Par ailleurs, le nouveau dispositif issu de l’accord du 24 janvier 2011 – qui prévoit le paiement de la gratification à date, c’est-à-dire l’année des 35 ans d’ancienneté atteinte par le salarié -, est entré en vigueur à compter du 1er mai 2011.
Ses dispositions transitoires prévoient qu’il se substitue à compter de cette date à l’ensemble des dispositions applicables, mais qu’un « collaborateur pourra demander à bénéficier d’une gratification en application du nouveau dispositif si le nombre d’années de service correspondant à la médaille d’honneur du travail d’Etat demandée est acquis à compter du 1er janvier 2011 ». Autrement dit, « seuls les salariés qui atteignent les 20, 30, 35 et 40 années de service à compter du 1er janvier 2011 bénéficient de la gratification Médaille d’honneur d’Etat dans le cadre des règles du nouveau dispositif ».
Ainsi, Mme [I] ne remplissait pas les conditions prévues par l’ancien régime ni les dispositions transitoires pour bénéficier de la gratification liée à l’échelon « or » de la médaille du travail.
Toutefois, il résulte des développements qui précèdent que ce dispositif a été jugé discriminatoire en raison de l’âge, en ce qu’il prive les salariés ayant une ancienneté supérieure à 35 ans de bénéficier de quatre gratifications au titre des médailles du travail au contraire de leurs collègues plus jeunes.

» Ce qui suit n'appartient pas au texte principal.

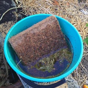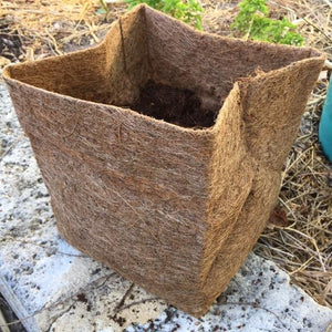 These square coir fibre planter bags come with a coir block that can be rehydrated and then mixed with some composted potting soil to fill the pot.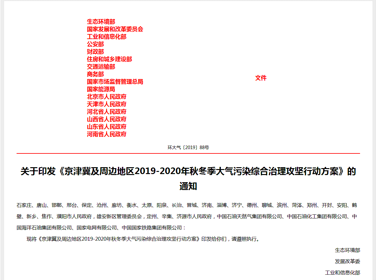 京津冀及周边地区2019-2020年秋冬季大气污染综合治理攻坚行动方案

Faire droit à la demande de remboursement de l’employeur reviendrait à entériner de fait une telle discrimination.
En conséquence, l’employeur sera débouté de sa demande reconventionnelle de remboursement.
IV – Sur les autres demandes.
Les dispositions du jugement entrepris relatives aux frais irrépétibles et dépens seront confirmés.
L’équité commande de ne pas faire application des dispositions de l’article 700 du code de procédure civile. La salariée sera condamnée aux entiers dépens de l’appel.
PAR CES MOTIFS
La cour,
Statuant contradictoirement et publiquement, par mise à disposition au greffe, les parties ayant été préalablement avisées dans les conditions de l’article 450 du code de procédure civile,
Dans la limite de la dévolution,
REJETTE le moyen tiré de l’absence d’effet dévolutif de l’appel ;
CONFIRME le jugement rendu le 13 décembre 2022 par le juge départiteur du conseil de prud’hommes de Lyon dans le litige opposant Mme [I] à la société [12] en toutes ses dispositions ;
Y AJOUTANT,
DÉBOUTE les parties de leurs autres demandes ;
CONDAMNE Mme [I] aux entiers dépens de l’appel.